(MATERIAL PROVIDED begins)

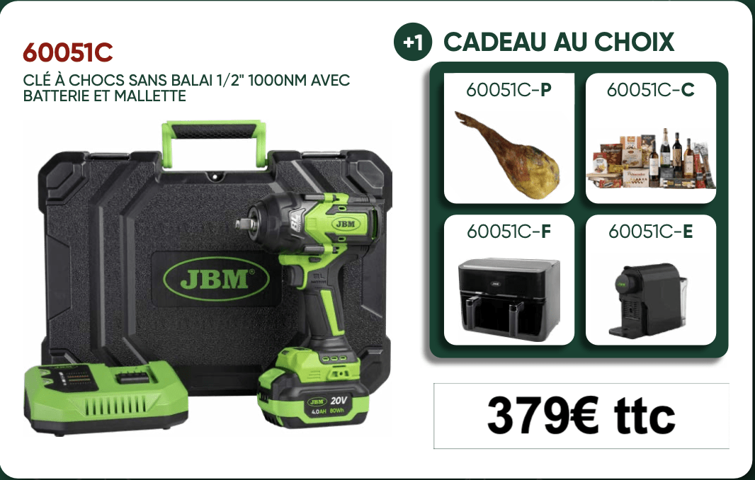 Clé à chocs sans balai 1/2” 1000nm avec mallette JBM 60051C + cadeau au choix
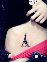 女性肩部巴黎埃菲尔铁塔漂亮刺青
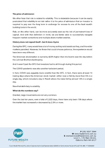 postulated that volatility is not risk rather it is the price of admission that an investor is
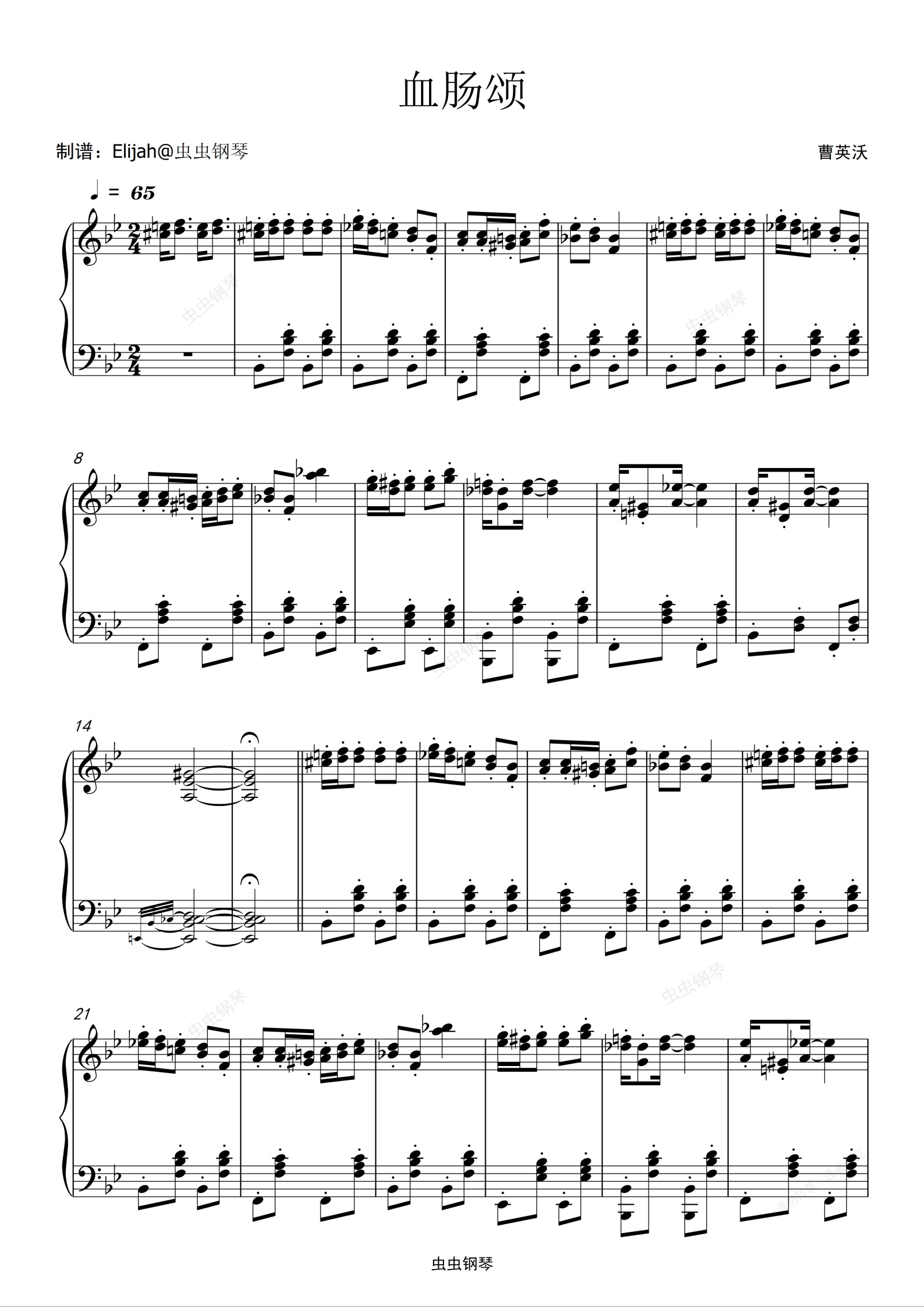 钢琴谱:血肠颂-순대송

(MATERIAL PROVIDED ends)

* _WHAT YOU HAVE TO DO_:
Write out the material above once more, word for word. Images stay out.

* _EXPECTED ANSWER_:
 Clé à chocs sans balai 1/2” 1000nm avec mallette JBM 60051C + cadeau au choix
 女性肩部巴黎埃菲尔铁塔漂亮刺青
 postulated that volatility is not risk rather it is the price of admission that an investor is
 钢琴谱:血肠颂-순대송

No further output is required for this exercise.